EnvZ and OmpR homologs from the ProGenomes database (Mende et al., 2019) were identified 
using HMMER (Eddy, 2011). Cognate histidine kinase and response regulator pairs were 
matched based on genome proximity, with only adjacent genes matched. Clusters of HK-RR 
genomic sequences, where it was difficult to identify cognate pairs, were removed from the 
analysis. Protein sequences were then merged into a concatenated sequence for each matched 
pair. A subset of representative merged sequences (200 total) were aligned with MUSCLE 
(Edgar, 2004), the N-terminal sensory domain from EnvZ was removed, and sequences were 
re-aligned with MUSCLE. The best fit evolutionary model was selected using ModelTest 
(Darriba et al., 2020) and the Akaike Information Criterion (LG + gamma) and a maximum 
likelihood phylogeny was inferred using PhyML 3.3.3 (Guindon et al., 2010). Node support was 
evaluated using the approximate likelihood ratio test statistic (in PhyML); tree was rooted on 
Actinobacteria EnvZ-OmpR homologs MprBA. Ancestral sequences were then reconstructed 
using the codeml package in PAML 4.8 (Yang, 2007) using the maximum likelihood phylogeny 
(full DNA sequences for all reconstructed ancestors in Supplementary File 1). This process was 
repeated with the HK-only and RR-only alignments to determine individual phylogenies (Figure 
2 — Figure Supplement 2) and ancestral sequences based on these phylogenies (Figure 2 — 
Figure Supplements 4 and 5). To account for uncertainty in the reconstructions, ambiguously 
reconstructed sites were identified as those at which multiple residues had posterior 
probabilities > 0.2 (Eick et al., 2012). For each ancestral protein, an alternative ancestor was 
generated by incorporating the second highest likelihood residue at all ambiguous sites (Figure 


3 — Figure Supplement 2, full sequences in Supplementary File 1). 

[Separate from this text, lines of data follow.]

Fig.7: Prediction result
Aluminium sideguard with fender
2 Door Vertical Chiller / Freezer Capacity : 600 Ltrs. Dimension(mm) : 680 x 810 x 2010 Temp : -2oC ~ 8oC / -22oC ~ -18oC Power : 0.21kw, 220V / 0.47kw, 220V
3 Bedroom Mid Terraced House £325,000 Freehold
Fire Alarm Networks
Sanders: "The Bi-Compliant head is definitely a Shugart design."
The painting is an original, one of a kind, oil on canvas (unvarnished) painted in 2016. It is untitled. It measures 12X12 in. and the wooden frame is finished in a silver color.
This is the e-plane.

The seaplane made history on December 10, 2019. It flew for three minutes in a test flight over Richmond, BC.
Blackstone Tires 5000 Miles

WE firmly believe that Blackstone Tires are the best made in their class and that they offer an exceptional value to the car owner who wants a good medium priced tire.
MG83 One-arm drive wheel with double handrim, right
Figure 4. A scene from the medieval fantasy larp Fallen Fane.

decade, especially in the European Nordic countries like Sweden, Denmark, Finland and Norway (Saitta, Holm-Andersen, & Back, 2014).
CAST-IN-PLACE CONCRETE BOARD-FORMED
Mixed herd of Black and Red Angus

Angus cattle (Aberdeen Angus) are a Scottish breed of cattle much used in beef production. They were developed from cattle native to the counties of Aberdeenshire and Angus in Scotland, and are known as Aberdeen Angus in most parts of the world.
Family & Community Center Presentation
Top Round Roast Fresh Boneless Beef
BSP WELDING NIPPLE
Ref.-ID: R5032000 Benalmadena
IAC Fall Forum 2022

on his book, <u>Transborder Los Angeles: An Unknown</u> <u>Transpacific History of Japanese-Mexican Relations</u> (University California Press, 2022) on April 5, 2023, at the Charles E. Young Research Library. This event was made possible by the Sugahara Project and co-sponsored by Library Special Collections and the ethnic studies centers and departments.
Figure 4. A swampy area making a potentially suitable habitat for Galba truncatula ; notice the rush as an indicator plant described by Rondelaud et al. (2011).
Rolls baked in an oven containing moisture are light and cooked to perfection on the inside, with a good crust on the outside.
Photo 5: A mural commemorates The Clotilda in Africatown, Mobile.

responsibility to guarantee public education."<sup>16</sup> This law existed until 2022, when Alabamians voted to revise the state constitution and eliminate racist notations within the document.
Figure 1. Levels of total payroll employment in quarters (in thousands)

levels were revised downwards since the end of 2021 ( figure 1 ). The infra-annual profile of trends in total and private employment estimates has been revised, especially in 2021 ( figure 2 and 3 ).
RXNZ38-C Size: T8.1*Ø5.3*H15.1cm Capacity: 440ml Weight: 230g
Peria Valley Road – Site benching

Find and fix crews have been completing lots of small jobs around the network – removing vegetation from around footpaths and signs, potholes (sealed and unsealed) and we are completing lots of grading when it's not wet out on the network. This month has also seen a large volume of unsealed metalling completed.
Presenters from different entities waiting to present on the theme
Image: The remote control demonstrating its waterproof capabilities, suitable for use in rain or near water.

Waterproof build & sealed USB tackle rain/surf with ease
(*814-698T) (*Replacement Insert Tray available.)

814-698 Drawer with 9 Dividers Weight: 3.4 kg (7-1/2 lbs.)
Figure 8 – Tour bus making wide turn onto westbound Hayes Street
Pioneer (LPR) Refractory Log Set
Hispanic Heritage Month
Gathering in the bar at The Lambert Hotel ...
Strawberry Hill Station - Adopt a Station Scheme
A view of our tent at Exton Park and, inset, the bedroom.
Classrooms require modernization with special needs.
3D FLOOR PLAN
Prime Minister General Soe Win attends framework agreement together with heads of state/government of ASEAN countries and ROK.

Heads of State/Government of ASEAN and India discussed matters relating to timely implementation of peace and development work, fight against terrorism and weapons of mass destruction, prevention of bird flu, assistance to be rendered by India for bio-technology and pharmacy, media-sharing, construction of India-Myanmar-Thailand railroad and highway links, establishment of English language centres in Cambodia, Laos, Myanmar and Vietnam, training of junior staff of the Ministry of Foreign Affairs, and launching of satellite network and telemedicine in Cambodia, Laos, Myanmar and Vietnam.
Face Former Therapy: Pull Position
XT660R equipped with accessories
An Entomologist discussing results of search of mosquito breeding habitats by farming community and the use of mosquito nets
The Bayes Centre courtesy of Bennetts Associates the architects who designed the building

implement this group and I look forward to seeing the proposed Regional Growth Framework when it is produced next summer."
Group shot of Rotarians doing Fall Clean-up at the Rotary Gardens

Identification of paralog-specific and species-specific residues 


To identify paralog-specific residues in a larger set of EnvZ-OmpR sequences, a merged 
concatenated HMMER-aligned sequence was generated for all matched protein pairs identified 
using HMMER and genome proximity, as described above (~11,000 total sequences). A 
phylogenetic tree was constructed using FastTree (Price et al., 2009) and EnvZ1-OmpR1 and 
EnvZ2-OmpR2 paralogs were classified based on clade identity. To identify Caulobacteraceae- 
specific EnvZ1 residues in this same set of sequences, EnvZ1 paralogs were identified that 
were members of the Caulobacteraceae based on species classification from the ProoGenomes 
database (Mende et al., 2017).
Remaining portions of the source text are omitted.